#### Stored entries:
● ● ●

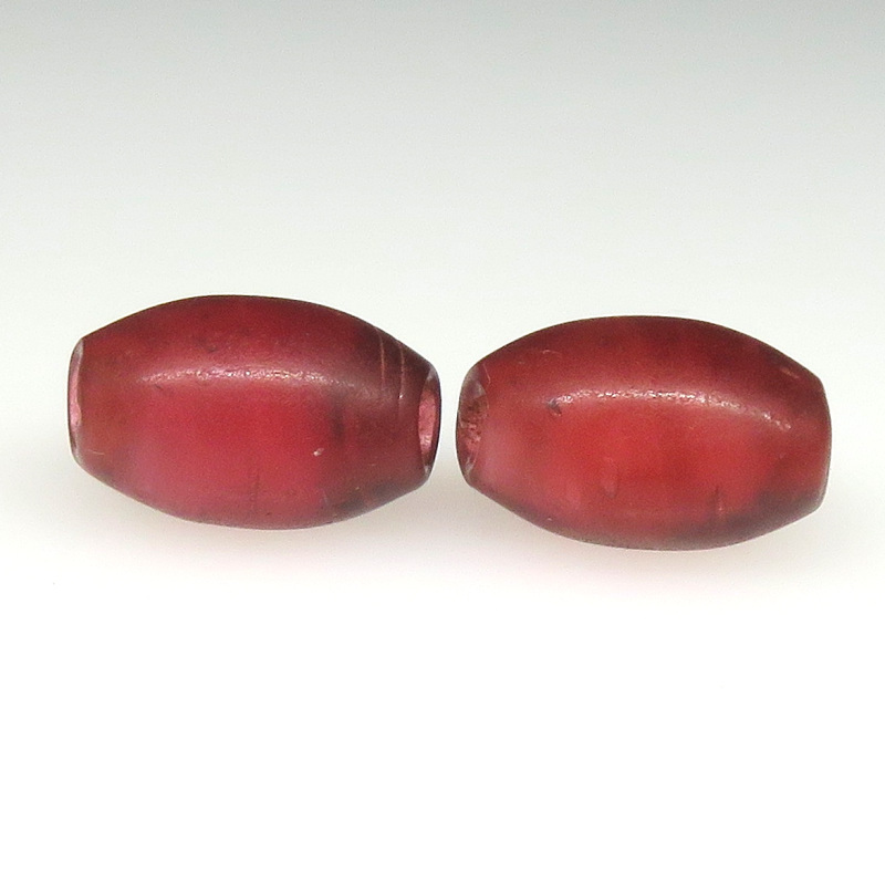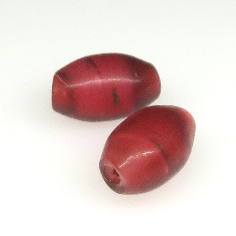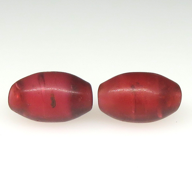 | 説明 | ヴェネチア製アフリカ渡り。 希少な紡錘型のホワイトハーツです。 深いワインレッド。内側の白が透けて美しい。 似たような形・色のものを二個セットにしました。 |
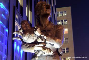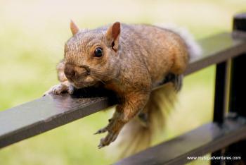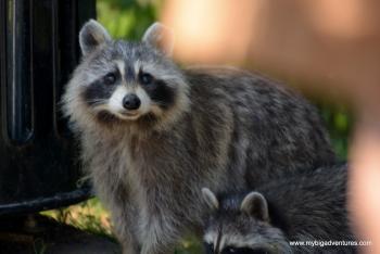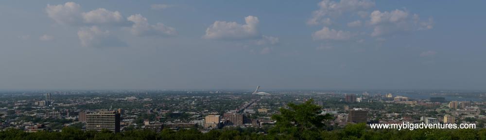 At the end of Deluth avenue we reached La Fontain Park. We had a walk around the park stopping to take some photos of the dragonflies that were darting about around the edge of the lake. We sat for a while on some benches and then after a bit more of a wander, we decided to head for Mont Royal. We walked along Rue Rachel, stopping off to buy some more water before heading into the park. It turned out to be a bit of a climb, more than we had anticipated given we were already feeling tired but we percevered following signs for a suspended cafe. The cafe wasn't quite what we antipated, but neverthless it was at a nice viewing point down acorss Montreal, and we were able to get some cold lemonade to drink. Whilst we were sitting we noticed a bit of a fuss just down from the cafe, and after a quick look we saw a family of racoons. I was a bit late getting there with the camera but I did manage to get a couple before they disappeared back into the woods.
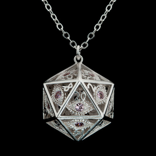 Fleur de Lis: Gilded Magenta Hollow Metal RPG Dice Set
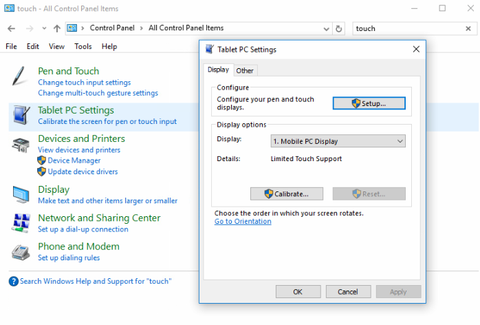 Öppna kontrollpanelen och gå vidare till "Tablet PC Settings"
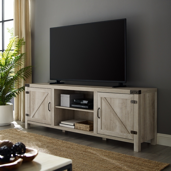 Farmhouse White Distressed Barn Door Media Center Furniture On Main
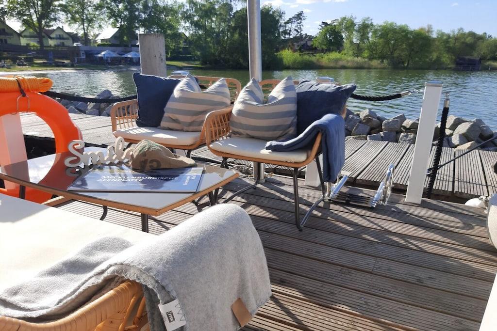 .. Urlaub machen, wo der Frosch ins Wasser springt!!! ... ein Urlaubsvergnügen der besonderen Art.... ... egal ob Sie im Hafen liegen und dem Treiben am und auf der Müritz lauschen oder das Land der tausend Seen als Freizeitkapitäne mit unserem für ein bis drei Tage autarkem Hausboot auf dem Wasserweg erkunden - es wird einfach toll - ... mit einem Boot in einsame Buchten oder zu unberührten Sandstränden fahren und sich wie ein Baby von den sanften Wellen in den Schlaf wiegen lassen.... am nächsten Morgen die aufgehende Sonne beobachten und einfach vom Boot aus, in die erfrischenden Fluten springen... um danach den duftenden Kaffee, zum Frühstück, auf der Dachterrasse zu genießen. Jaaaa ....... das kann euer Urlaub sein ....

● ● ●

#### EXERCISE:
Set down exactly, line for line, the data from the line that contains "Öppna kontrollpanelen och" through its last line, keeping pictures out.

#### YOUR RESPONSE:
 Öppna kontrollpanelen och gå vidare till "Tablet PC Settings"
 Farmhouse White Distressed Barn Door Media Center Furniture On Main
 .. Urlaub machen, wo der Frosch ins Wasser springt!!! ... ein Urlaubsvergnügen der besonderen Art.... ... egal ob Sie im Hafen liegen und dem Treiben am und auf der Müritz lauschen oder das Land der tausend Seen als Freizeitkapitäne mit unserem für ein bis drei Tage autarkem Hausboot auf dem Wasserweg erkunden - es wird einfach toll - ... mit einem Boot in einsame Buchten oder zu unberührten Sandstränden fahren und sich wie ein Baby von den sanften Wellen in den Schlaf wiegen lassen.... am nächsten Morgen die aufgehende Sonne beobachten und einfach vom Boot aus, in die erfrischenden Fluten springen... um danach den duftenden Kaffee, zum Frühstück, auf der Dachterrasse zu genießen. Jaaaa ....... das kann euer Urlaub sein ....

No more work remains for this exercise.